Kelis followed that statement up with a second video, wherein she made further allegations of “hypocrisy” and “nonsense” against Williams. “When I was signed to [Williams’ label, Star Trak], I had the same manager that he had, and he has writing credits on my records – all my singles, coincidentally – and he never wrote a song [or] a lyric,” she said.

Kelis then directed her ire back at Beyoncé, claiming that her narrative of female empowerment “only counts if you really do it – if you’re really living it and walking the walk”.

“The point is that there’s a lot of hypocrisy,” she continued, “and someone has to talk about it and bring it up. And it just so happens that I was thrown in this – it’s not like I look for it…

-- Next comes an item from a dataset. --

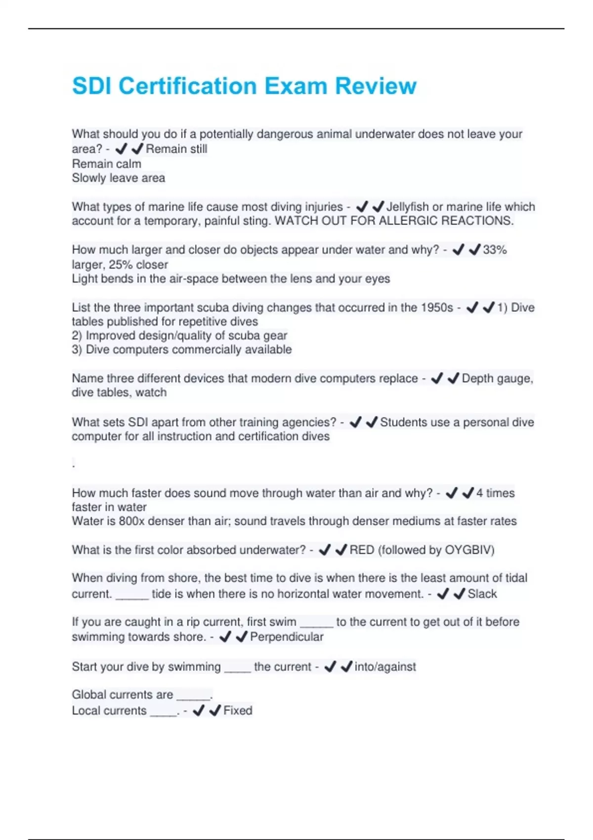 What should you do if a potentially dangerous animal underwater does not leave your area? - ️️Remain still Remain calm Slowly leave area What types of marine life cause most diving injuries - ️️Jellyfish or marine life which account for a temporary, painful sting. WATCH OUT FOR ALLERGIC REACTIONS. How much larger and closer do objects appear under water and why? - ️️33% larger, 25% closer Light bends in the air-space between the lens and your eyes List the three important scuba diving changes that occurred in the 1950s - ️️1) Dive tables published for repetitive dives 2) Improved design/quality of scuba gear 3) Dive computers commercially available Name three different devices that modern dive computers replace - ️️Depth gauge, dive tables, watch What sets SDI apart from other training agencies? - ️️Students use a personal dive computer for all instruction and certification dives . How much faster does sound move through water than air and why? - ️️4 times faster in water Water is 800x denser than air; sound travels through denser mediums at faster rates What is the first color absorbed underwater? - ️️RED (followed by OYGBIV) When diving from shore, the best time to dive is when there is the least amount of tidal current. _____ tide is when there is no horizontal water movement. - ️️Slack If you are caught in a rip current, first swim _____ to the current to get out of it before swimming towards shore. - ️️Perpendicular Start your dive by swimming ____ the current - ️️into/against Global currents are _____. Local currents ____. - ️️FixedFluctuate Rip current - ️️Current which goes seaward due to ocean floor stuctures Long shore current - ️️Flows parallel to shore Waves are caused by - ️️energy generated by WIND Tides are caused by - ️️polarity of the moon

“Last night, I was posting on my Bounty And Full page, just doing my own thing, and I saw one of my fan pages and someone was like, ‘Oh, it’s a collaboration between Bey and Kelis.’ No, it’s not a collaboration – it’s called thievery, because the definition of ‘collaboration’ means that we are working together. There’s no working together if you are not even checking to see if everything’s cool. That’s a problem.”

NME has reached out to representatives of Pharrell Williams for comment.

Kelis. Credit: Getty

In a 2020 interview with The Guardian Kelis spoke out how she has allegedly not been properly compensated for her early work with The Neptunes.

“I thought it was a beautiful and pure, creative safe space, but it ended up not being that at all,” she said.

“I was told we were going to split the whole thing 33/33/33, which we didn’t do,” adding that she was “blatantly lied to and tricked” by “the Neptunes and their management and their lawyers and all that stuff”.

Kelis added that she doesn’t make any money from her first two albums, ‘Kaleidoscope’ (1999) and ‘Wanderland’ (2001), both of which were produced by The Neptunes.